Kundera was a writer who was "fascinated by sex, and prone to sudden, if graceful, skips into autobiography, abstract rumination, and recent Czech history," according to John Updike, a reviewer for the Times.
His 1984 publication "The Unbearable Lightness of Being" later became a 1987 motion picture starring Juliette Binoche and Daniel Day-Lewis, and is by far his most well-known piece.
The Prague Spring and the exile that followed are the backdrop for this morality story about freedom and passion on both a personal and societal level.
NO RETURNING?
Following his exile in France, Kundera's detractors claim that he turned his back on fellow Czechs and dissidents.
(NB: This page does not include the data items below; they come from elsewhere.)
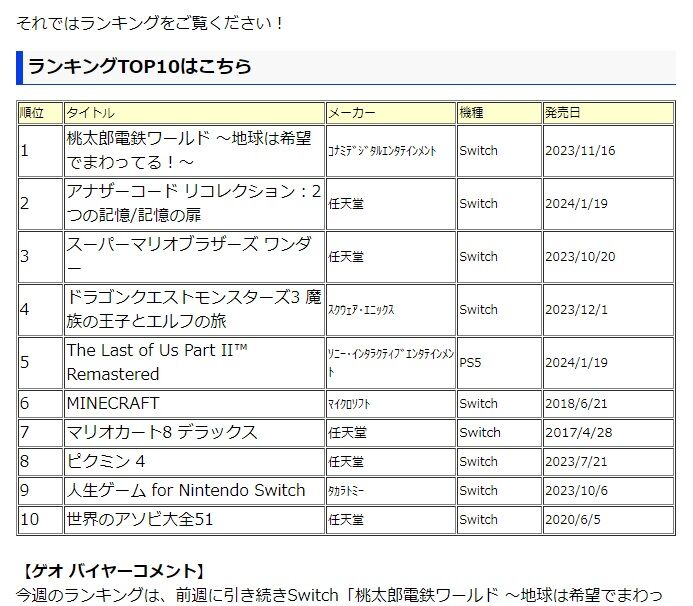 今週のランキングは、前週に引き続きSwitch「桃太郎電鉄ワールド ~地球は希望でまわってる!~」が1位を獲得しました。2位には、新発売のSwitch「アナザーコード リコレクション:2つの記憶/記憶の扉」がランクインしました。本作は、「アナザーコード 2つの記憶」とその続編「アナザーコード:R記憶の扉」を一新し、Nintendo Switchソフトに収録した作品です。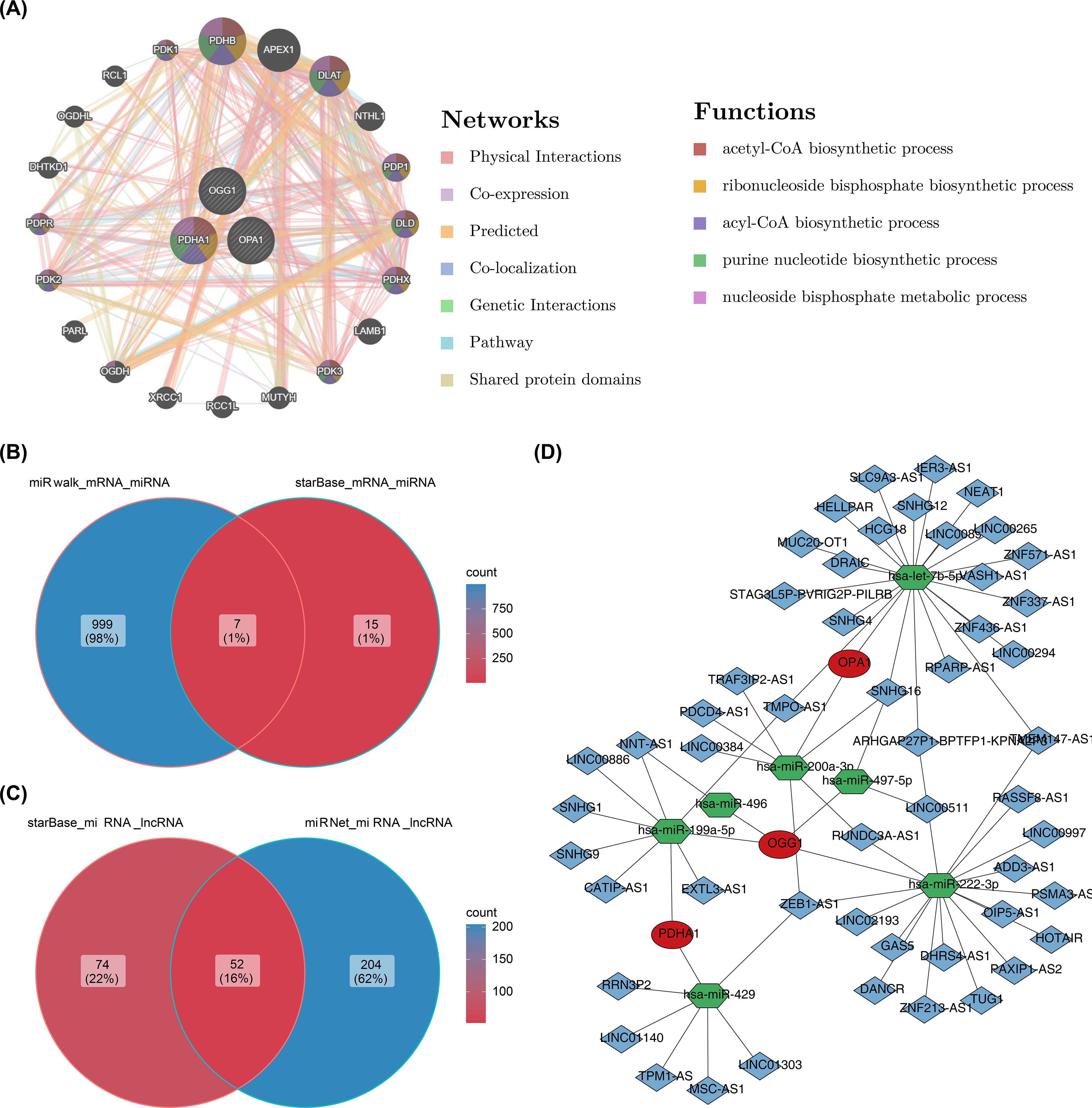(A) A network graph showing various proteins connected by lines, indicating different types of interactions such as physical, co-expression, and predicted. Key for colors categorizes interactions and functions. (B) A Venn diagram comparing miRWalk mRNA-miRNA and starBase mRNA-miRNA databases, showing overlap. (C) A Venn diagram comparing starBase miRNA-lncRNA and miRNet miRNA-lncRNA databases, indicating overlap. (D) A network diagram displaying interactions among various genetic elements, with miRNA and genes labeled.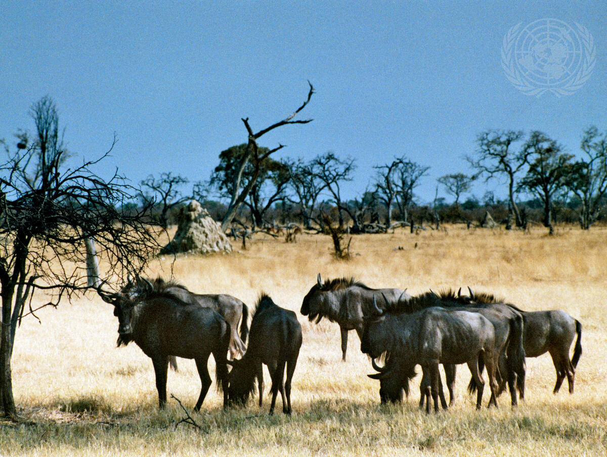 Wildebeest grazing at Savuti Camp, near the border with Zambia. [1984]
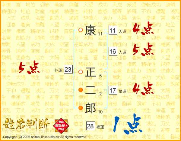 康正二郎さんの総運は28画の1点!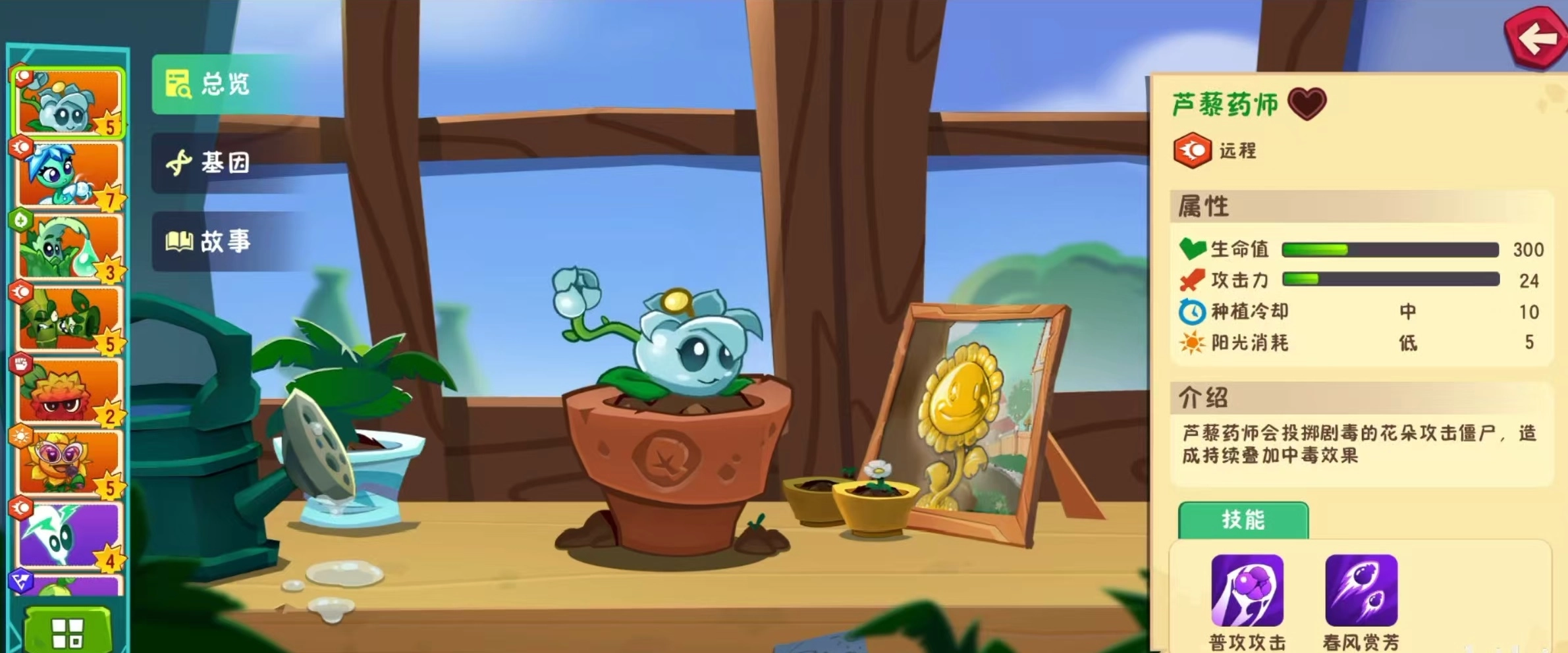 芦藜药师属于远程输出类型,生命值为300,攻击力24,种植冷却处于中等水平,阳光消耗较低,仅需5点阳光就能种植。芦藜药师能够投掷剧毒花朵攻击僵尸,可造成持续叠加的中毒效果。其拥有两个攻击技能,分别是普通攻击与春风赏芳。

He was accused of being a police informant under Communist rule in 2008 by a Czech magazine, which he dismissed as "pure lies."
After a 13-year sabbatical, Kundera released his first novel in 2013.
Five friends in Paris are the subject of "The Festival of Insignificance," which earned negative and positive reviews, with The Atlantic praising its "near-impenetrable irony" and The Guardian calling it a "stinker."
According to the New York Times, what Kundera "has to tell us seems to have less relevance." You can't help but wonder how his development would have changed if he had remained in Czechoslovakia or stayed there for a longer period of time.
His nationality was reinstated by the Czech Republic in 2019, and his birthplace of Brno saw the opening of the Milan Kundera Library in 2023.